Georgia’s growing illiberalism has to be understood in the context of the Russian gravitational pull. Blaming all the internal problems of Russia’s neighbors has become mainstream thinking among opposition politicians, NGOs, and sometimes even government figures. Exaggeration is commonplace, but when looking at the illiberal challenge from a long-term perspective, it becomes clear where Russia has succeeded in its illiberal goals. It is determined to stop Georgia from joining NATO and the EU. Partly as a result, the process drags on and this causes friction across society. Belief in the ultimate success of the liberal agenda is meanwhile undermined and alternatives are sought. Hybrid illiberal governments are the most plausible development. The next stage could well be a total abandonment of Euro-Atlantic aspirations.
Indeed what seemed irrevocable now seems probable, if not real. Pushback against Georgia’s Euro-Atlantic choice is growing stronger. Protesters in front of the parliament in central Tbilisi violently brought tore the EU flag. Twice.

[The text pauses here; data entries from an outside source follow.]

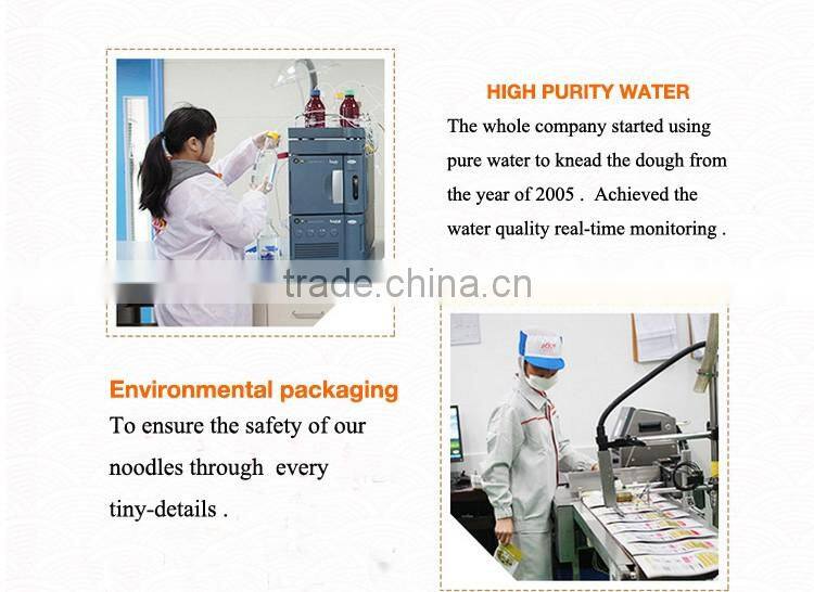 We have a third party inspection institutions in changsha. We adopted on wheat raw materials inspection of imported testing equipment, monitoring, respectively on the microorganisms and some pesticide residues, and the detection of trace element and so on. In the purchase of wheat to try after repeated sampling. Through the strict examination can be put in storage after use.Production use of water is adopted in secondary reverse osmosis pure water. Some noodles used raw materials are all from plant extracts, additive in full compliance with national standards.
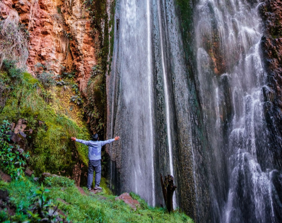 We started with a slow, steady climb to the Perolniyoc waterfall, where we took a break and enjoyed the view for a while. The waterfall is fed by the snow run-off from the mountains above and is over 330 feet in height. Our guide spoke of the significance of the waterfall to the Incan people and the area, explaining that it has fed the farmland below from a time predating the Incas.
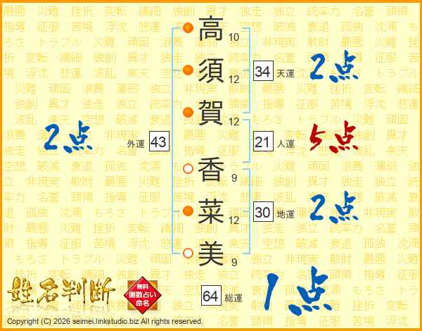 高(10画)須(12画)賀(12画) 香(9画)菜(12画)美(9画)
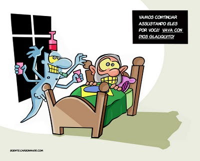 Geraldão's ghost appears by the bedside of Brazilian president Lula. "We'll keep scaring them for you! Go with God, Glauquito" ("Little Glauco" in Spanish, as he was often called.) |
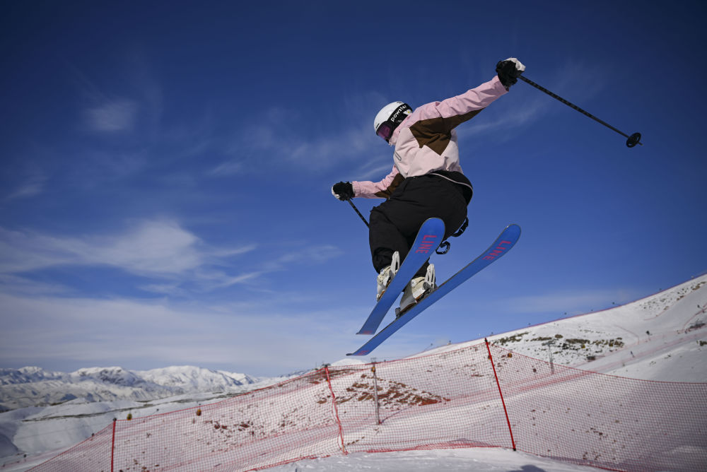 1月28日,即農(nóng)歷除夕當(dāng)天,雪友在滑雪公園飛越跳臺(tái)。新華社記者 胡虎虎 攝
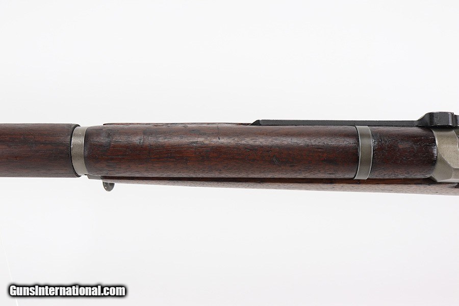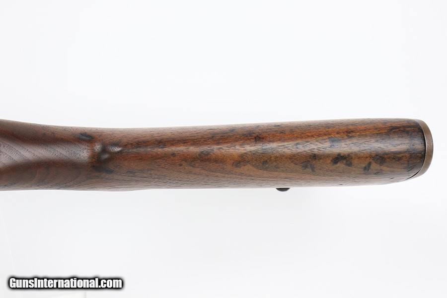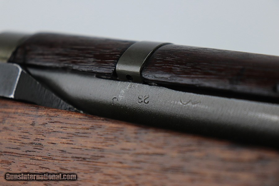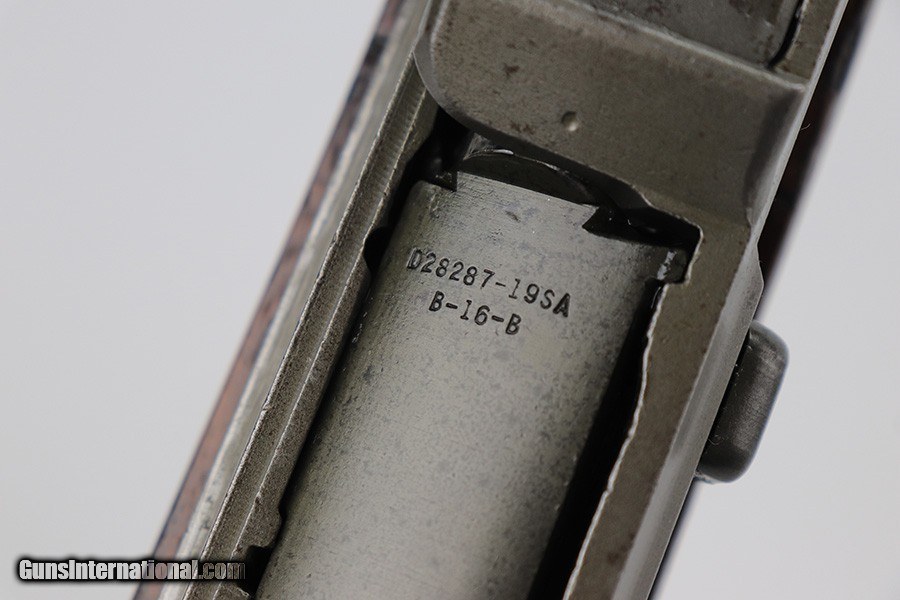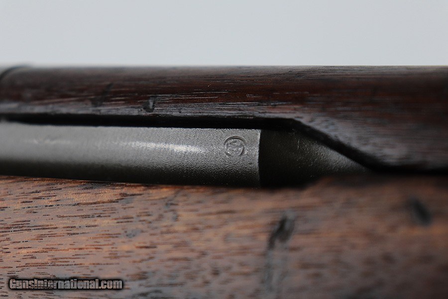 Description: This is a very nice Springfield Armory M1 Garand with receiver from late 1944. The original barrel was reworked by Tooele in 1964, but it is still the original Winchester barrel. ME and TE are both a 4. The finish on the receiver, barrel and trigger group is very nice but the gas tube shows thinning throughout and the slide is refinished/replaced. Original Winchester barrel and receiver. Stock is a replacement and looks to have been sanded. P proof on wrist. The wood shows various dings and nicks, with a thin surface crack in the upper handguard. Bore is shiny with strong rifling but there is frost throughout the grooves. SOLD Curio/Relic: Yes Rifle Caliber: .30-06 Springfield |
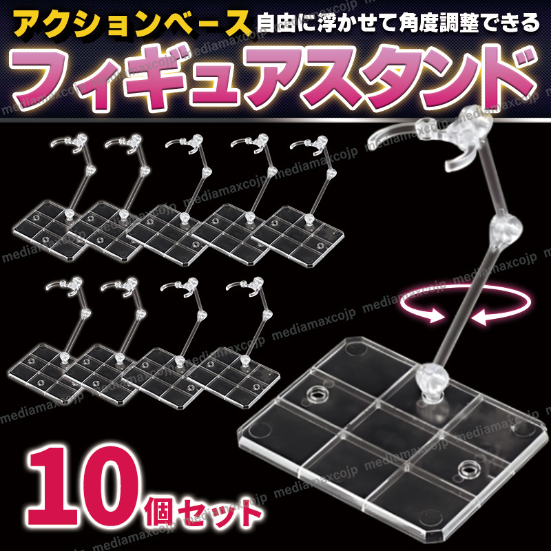 アクションベース フィギュア スタンド ディスプレイ 台座 可動 透明 展示 クリア 10個組 ガンプラ 食玩 模型 プラモデル 1/144 180度可動 收藏
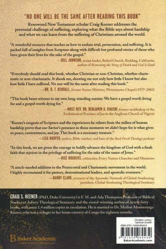 Suffering is an undeniable aspect of life. In this book, renowned New Testament scholar Craig Keener delves into the perennial question of hardship, offering a biblical understanding of suffering and resilience. Balancing insightful exposition of Scripture with compelling stories of Christians worldwide who have faced trials for their faith, Keener reveals how believers can endure by the power of the Holy Spirit.
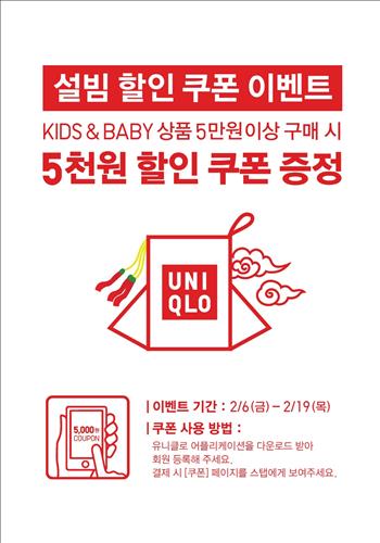 (서울=연합뉴스) 고유선 기자 = SPA(제조·유통 일괄형) 브랜드 유니클로는 설을 맞아 유아동 제품 구매고객을 대상으로 19일까지 '설빔 할인쿠폰 이벤트'를 진행한다고 9일 밝혔다. 유아동 제품을 5만원 이상 구매하는 소비자는 유니클로 모바일 애플리케이션의 쿠폰 페이지를 매장 직원에게 보여주면 5천원 할인 혜택을 받을 수 있다.
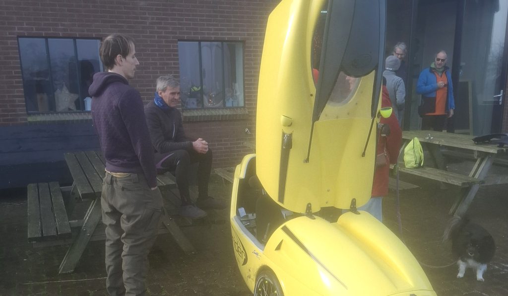 “In Ierland zijn er maar drie velomobielen,“ vertelt hij. “In Engeland misschien dertig. Dus vergeleken met Nederland is het eigenlijk niks. Hier kom je je eigen soort tegen. Als ik deze velomobielen zie, is dat een droom die ik als ingenieur al tien jaar nastreef.”
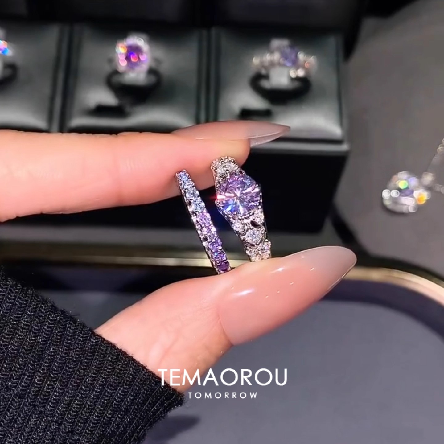 Vintage Old Money Style Violet Ring with Sparkling Diamonds for Women
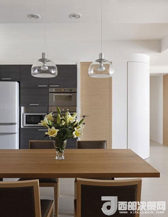 透明的圓弧形吊燈成為餐廳里的點睛之筆,輕巧又有設(shè)計感。
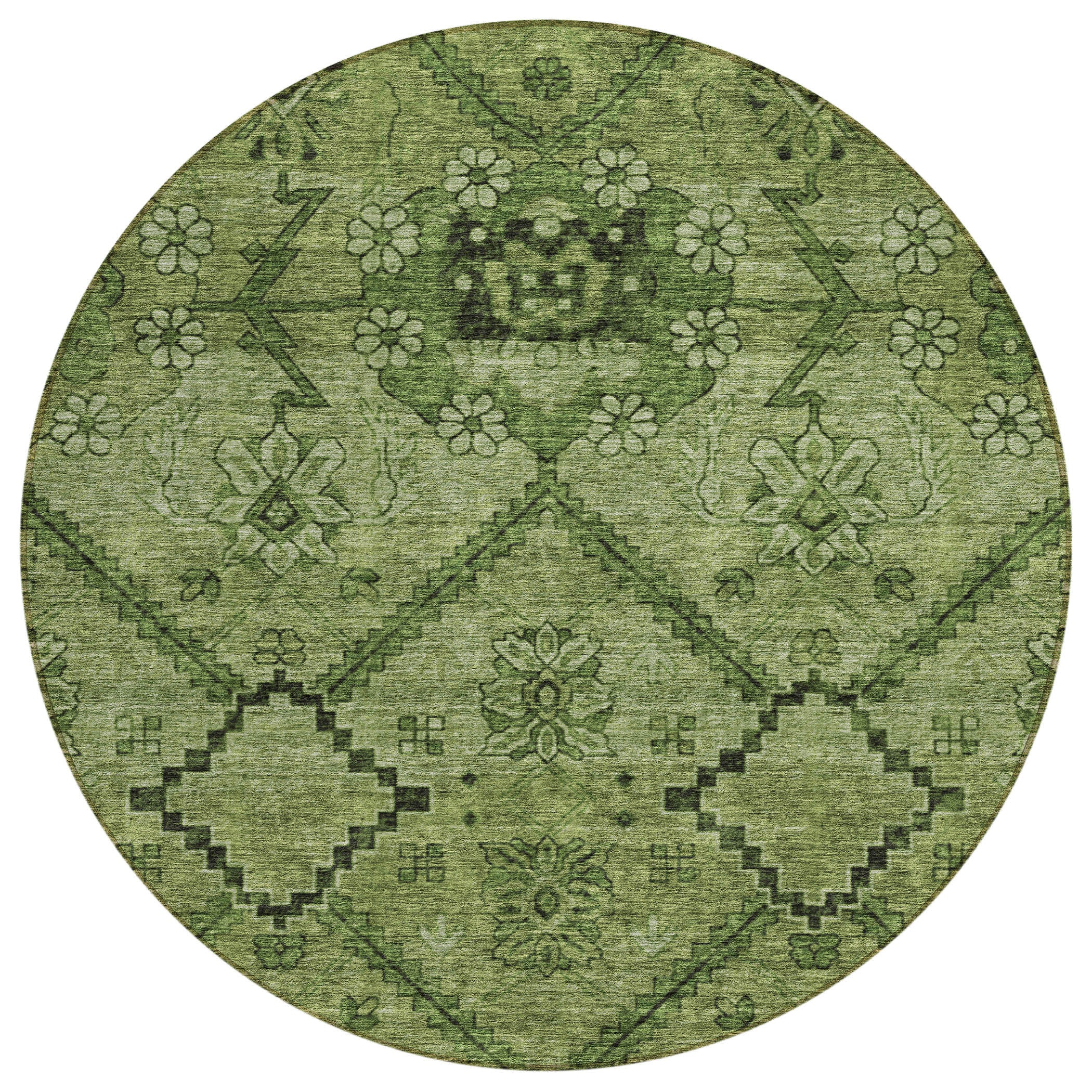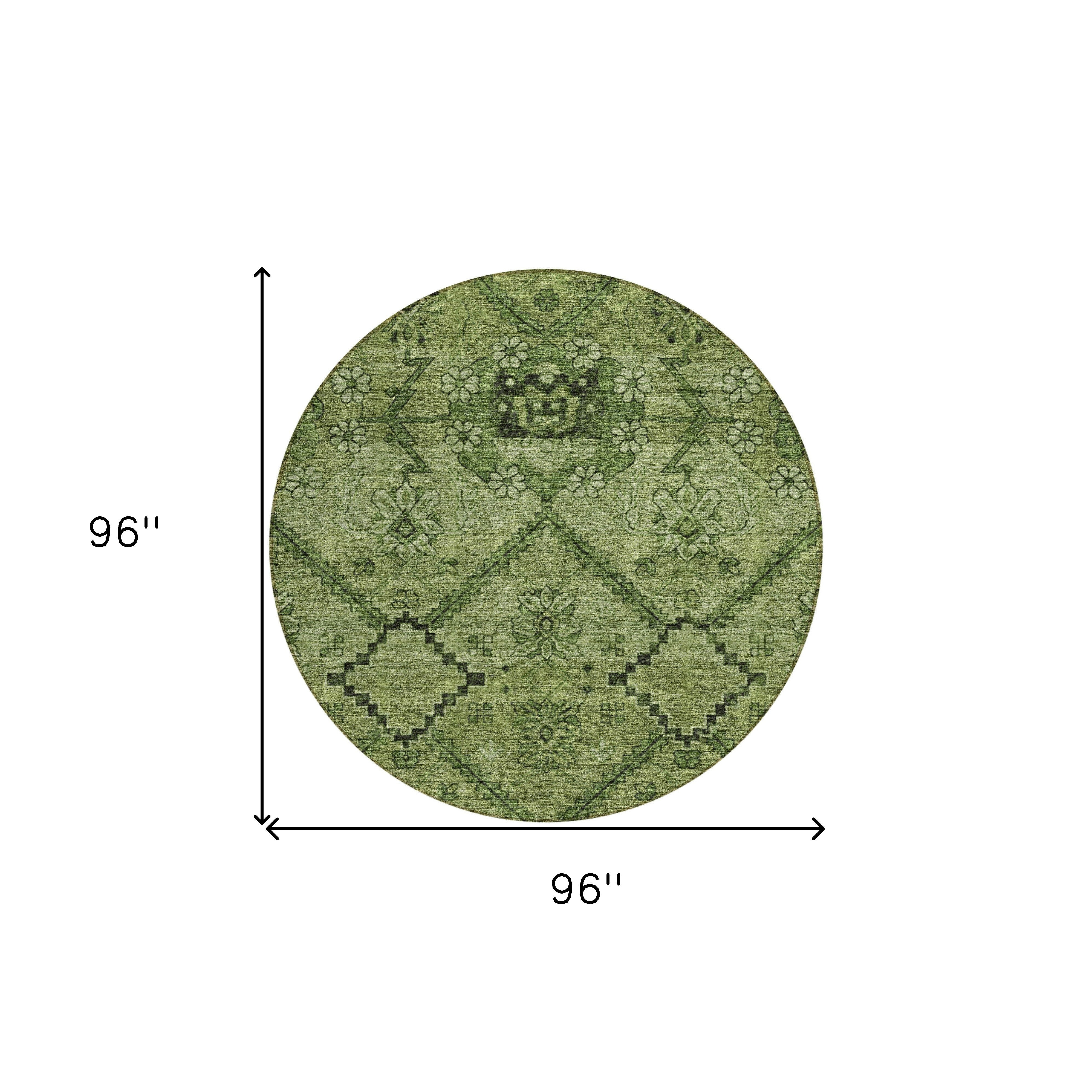 8' Olive Green Fern Green And Artichoke Green Round Floral Washable Indoor Outdoor Area Rug
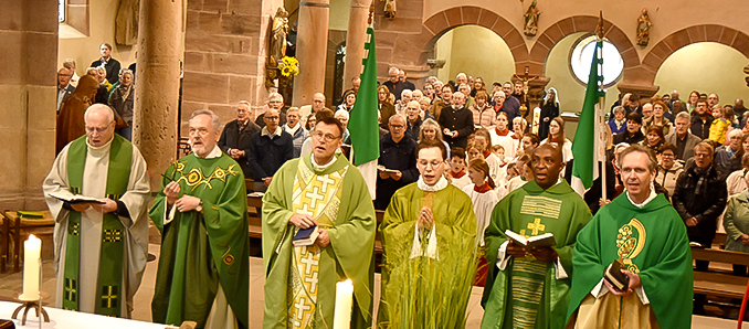 Unter dem Leitgedanken „Gemeinsam unterwegs“ hat der Pastoralverbund Hessisches Kegelspiel am Sonntag zu einem Gottesdienst in die Stiftskirche in Rasdorf eingeladen. Zahlreiche Gläubige aus allen Gemeinden des Verbunds kamen zu der Feier, die von leitendem Pfarrer Markus C. Günther zusammen mit den Priestern Andreas Matthäi, Aloysius Ndiukwu, Marcel Krawietz, Winfried Vogel und Peter Hannappel zelebriert wurde.
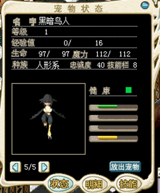 Ps:坎那贝拉村35.86贝德莉奴卡片屋内可以购买5级封印卡,抓这个猫妖一定要在顶层红色传送石附近遇敌人,选择16级的抓,猫妖大约280-350血之间,抓到猫妖后,可以用抓到的猫妖参战打一下要抓的猫妖,这样封印几率会大大提高,平均2-3张卡片一只。练猫妖就去南洽吧。
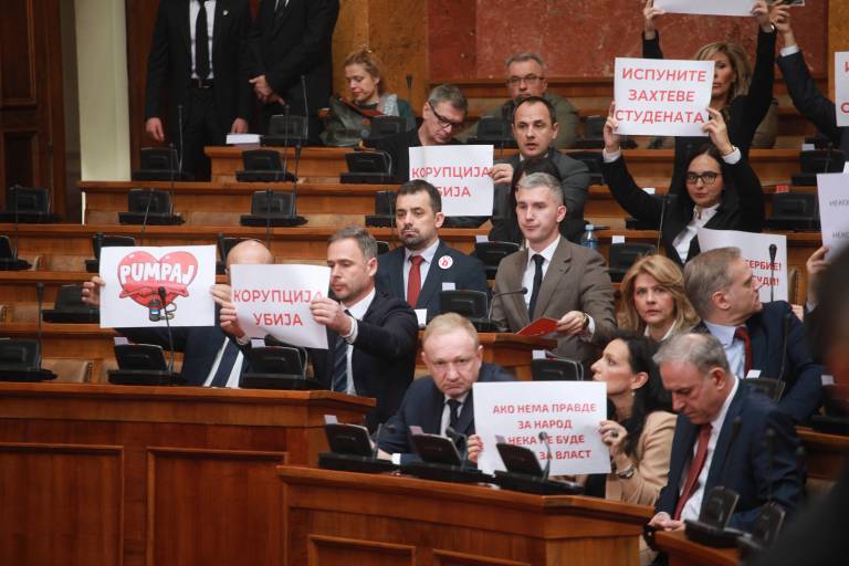 Opozicijski poslanci so po petju himne razgrnili transparente z rdečimi okrvavljenimi rokami in napisi, s katerimi so podprli študentske proteste, ki so se začeli po novembrski nesreči na novosadski železniški postaji. Nato so nekaj po 11. uri sprožili dimne bombe in prižgali bakle ter razobesili transparent Srbija vstaja za padec režima.
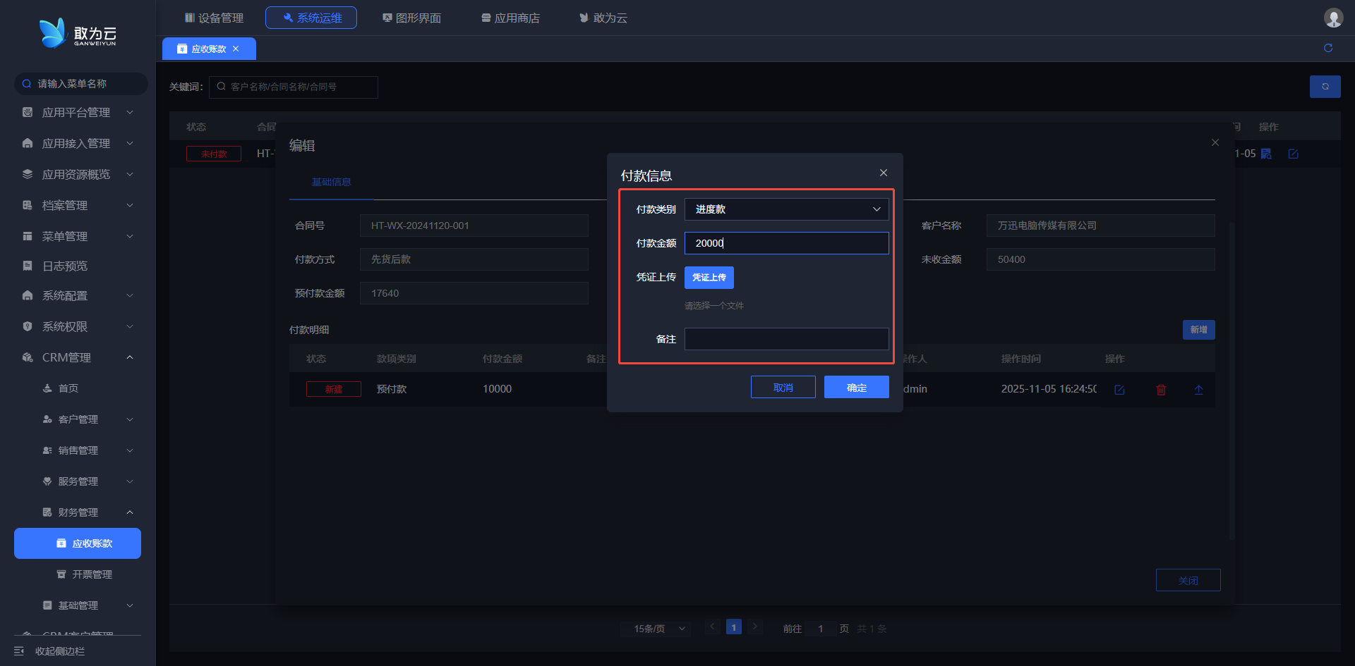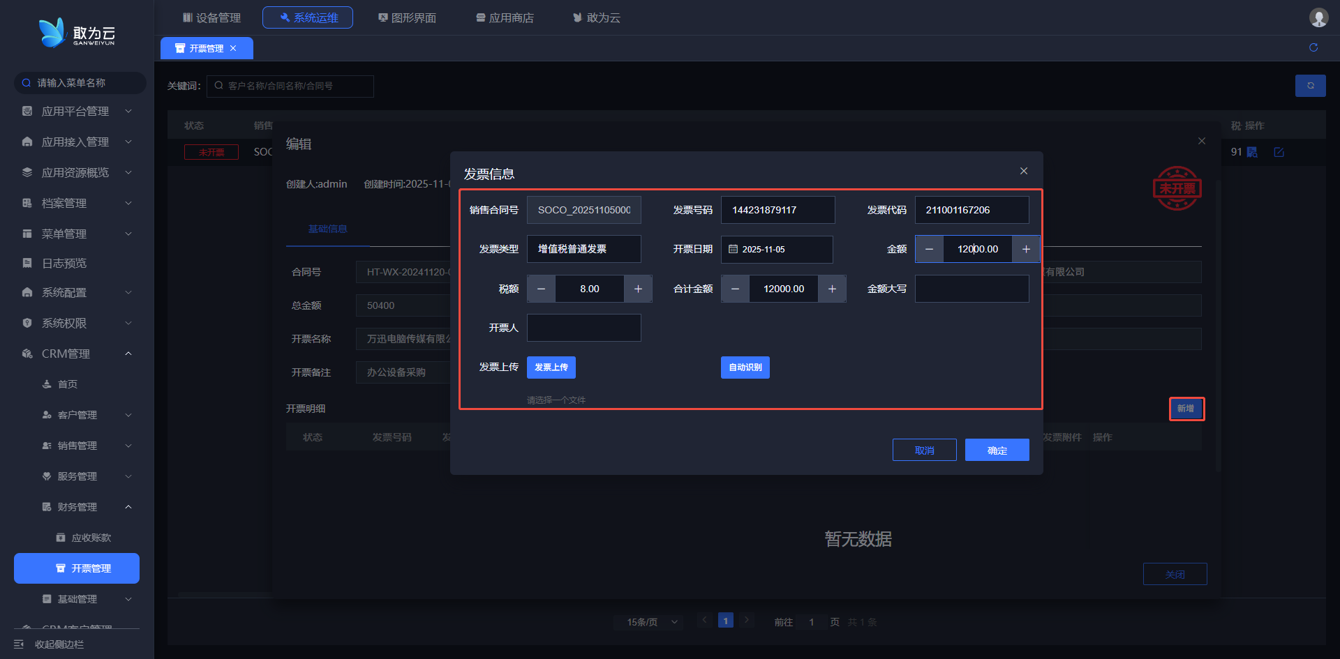 会员号、会员名称、客户名称、总金额、已开票、未开票金额等; - 编辑开票记录,可以在弹窗中添加开票信息。

The message of anti-liberal groups has also been evolving. There has been significant growth in their messaging. The anti-pride sentiment is evolving into a wider resistance to the Western way of life and Georgia’s Western foreign policy path, perhaps because it is easily attacked and misrepresented.
To deal with this, Western support is important, but much depends on Georgian governments and the population at large. A pushback against radicalism and anti-liberalism should come in the guise of time and resources for the development of stronger and currently faltering institutions. Urgency in addressing these problems has never been higher — internal and foreign challenges converge and present a fundamental challenge to what Georgia has been pursuing since the days of Eduard Shevardnadze – the Western path to development.